Would you copy exactly the lines in the data below from the one that has "Les douze liens" through the one that has "大娘这樱桃核一吐,吐出了裘千", dropping any pictures?

▸ **RECORDS**
####

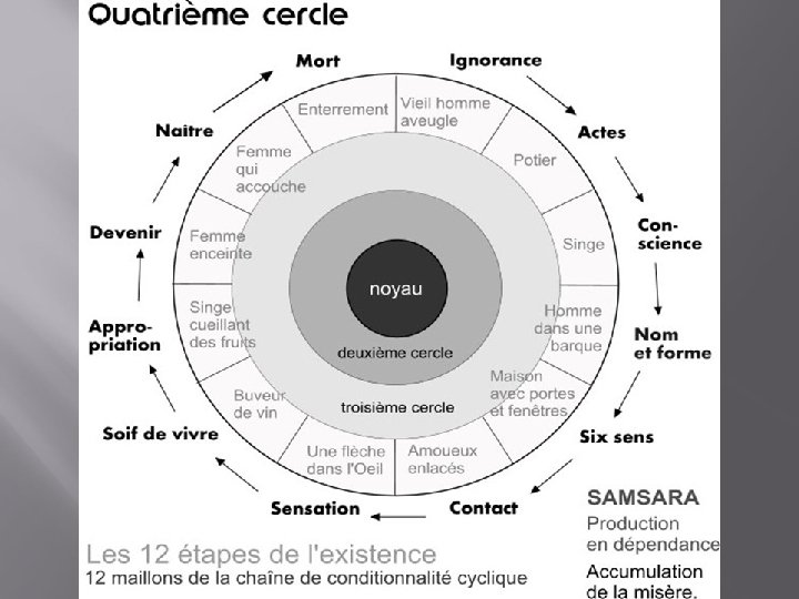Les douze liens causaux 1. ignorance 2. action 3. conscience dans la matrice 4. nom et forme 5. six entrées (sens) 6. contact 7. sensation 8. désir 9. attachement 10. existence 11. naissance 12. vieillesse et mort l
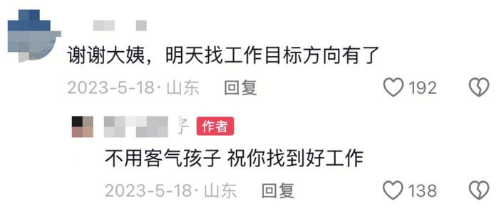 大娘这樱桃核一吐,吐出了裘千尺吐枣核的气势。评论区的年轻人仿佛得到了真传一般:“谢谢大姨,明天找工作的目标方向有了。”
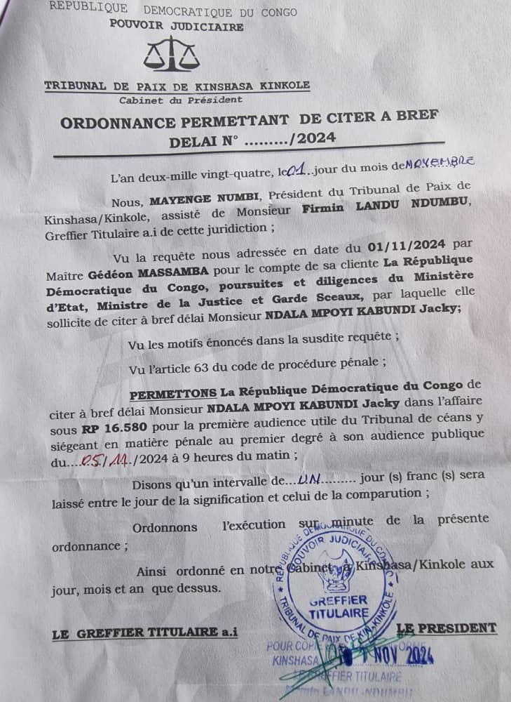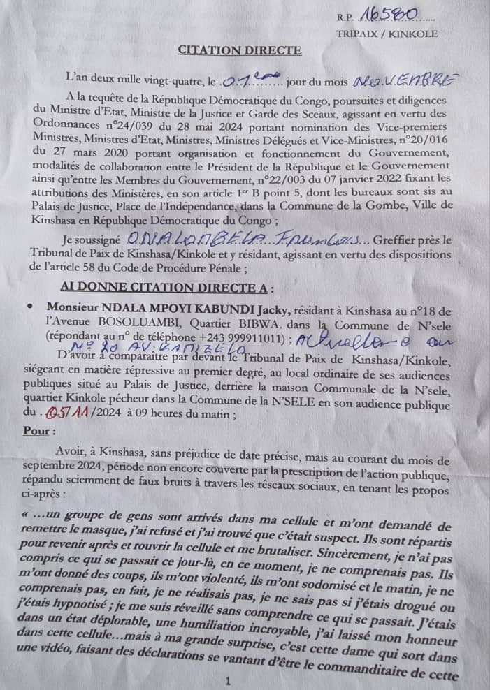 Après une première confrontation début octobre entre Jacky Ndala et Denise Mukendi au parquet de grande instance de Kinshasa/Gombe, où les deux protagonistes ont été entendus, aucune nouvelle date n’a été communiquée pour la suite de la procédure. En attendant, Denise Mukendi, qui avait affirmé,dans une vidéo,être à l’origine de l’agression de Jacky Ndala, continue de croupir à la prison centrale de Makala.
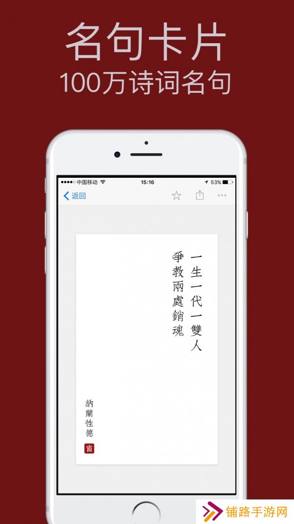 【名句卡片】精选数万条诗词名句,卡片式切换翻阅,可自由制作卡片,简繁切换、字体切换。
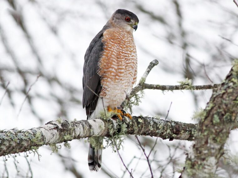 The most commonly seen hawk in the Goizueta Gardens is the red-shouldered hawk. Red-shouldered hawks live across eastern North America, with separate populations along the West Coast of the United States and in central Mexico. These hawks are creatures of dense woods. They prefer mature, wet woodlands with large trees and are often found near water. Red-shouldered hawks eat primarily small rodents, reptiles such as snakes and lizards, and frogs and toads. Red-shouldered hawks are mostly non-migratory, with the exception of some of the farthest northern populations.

####

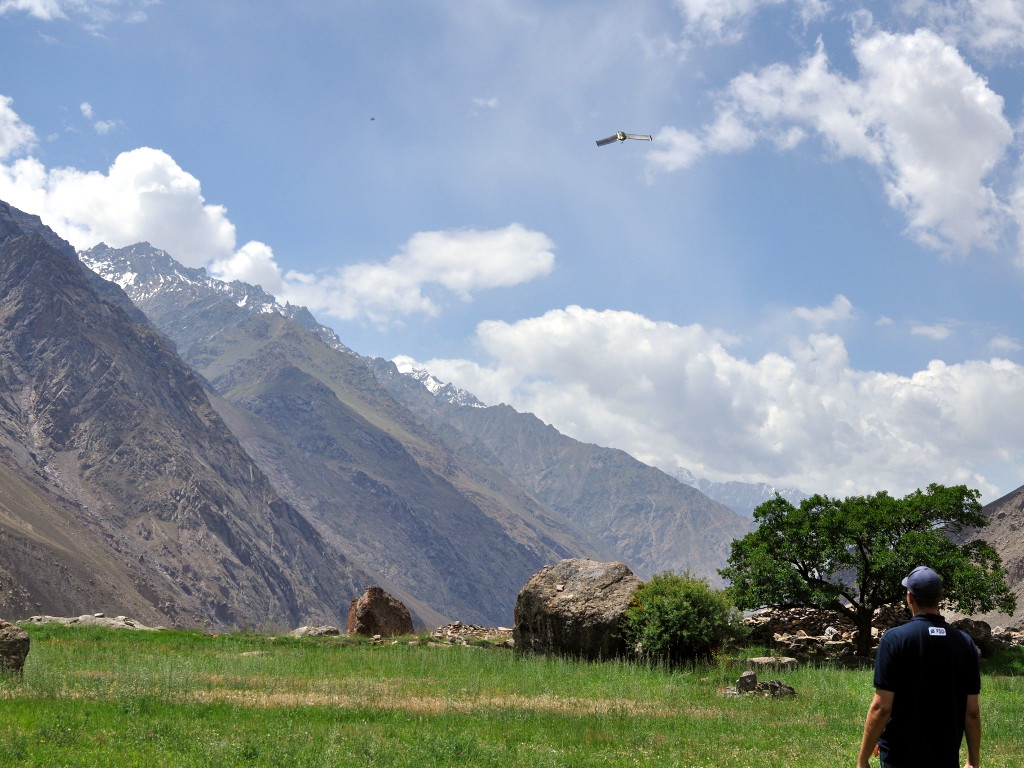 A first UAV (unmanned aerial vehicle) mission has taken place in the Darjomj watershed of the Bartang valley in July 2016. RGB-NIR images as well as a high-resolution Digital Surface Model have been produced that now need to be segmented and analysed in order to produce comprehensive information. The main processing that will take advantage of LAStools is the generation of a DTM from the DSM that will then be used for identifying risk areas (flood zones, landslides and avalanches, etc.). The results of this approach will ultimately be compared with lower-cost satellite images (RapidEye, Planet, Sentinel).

####

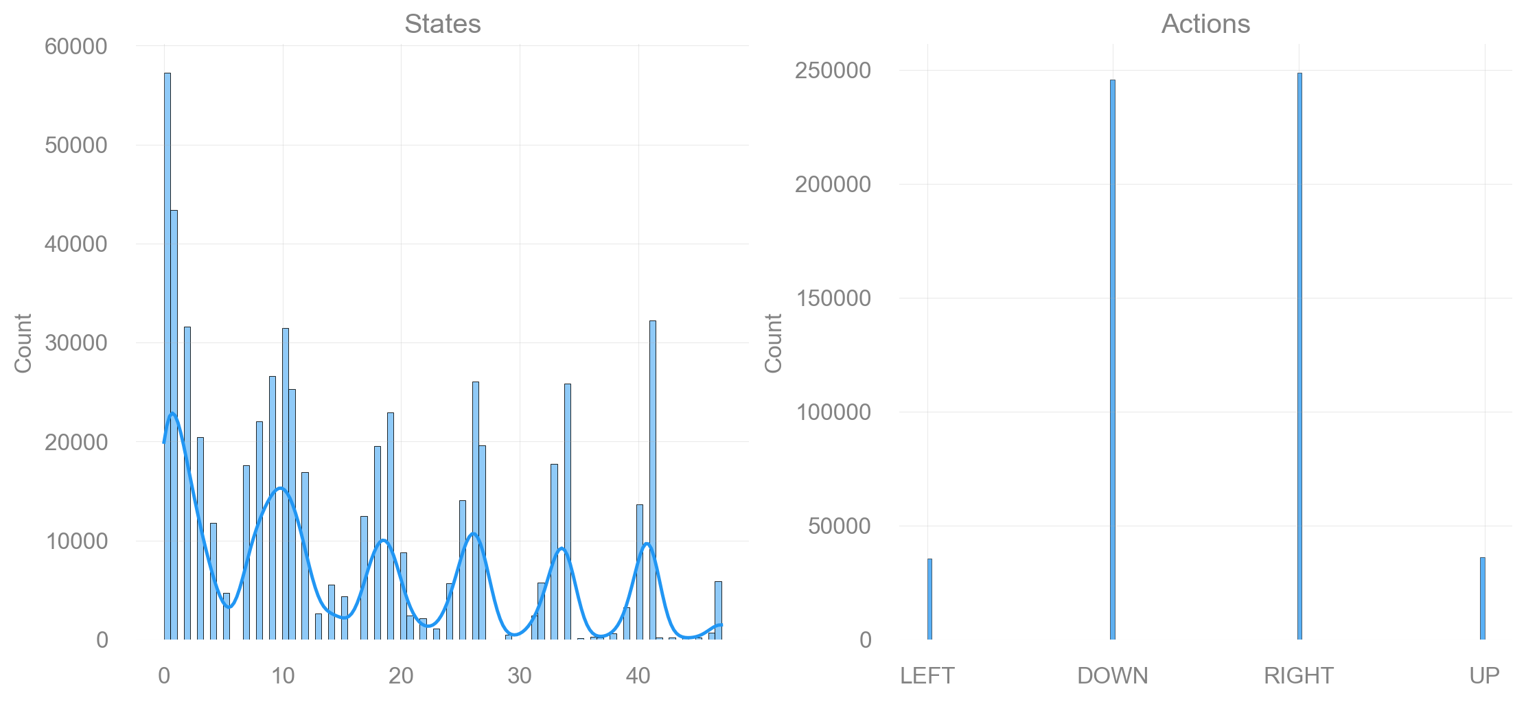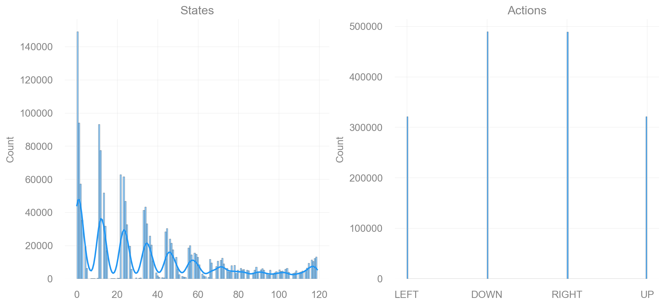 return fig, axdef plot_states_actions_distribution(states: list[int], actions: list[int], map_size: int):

####

▸ **ANSWER FOR THE TASK**
Les douze liens causaux 1. ignorance 2. action 3. conscience dans la matrice 4. nom et forme 5. six entrées (sens) 6. contact 7. sensation 8. désir 9. attachement 10. existence 11. naissance 12. vieillesse et mort l
 大娘这樱桃核一吐,吐出了裘千尺吐枣核的气势。评论区的年轻人仿佛得到了真传一般:“谢谢大姨,明天找工作的目标方向有了。”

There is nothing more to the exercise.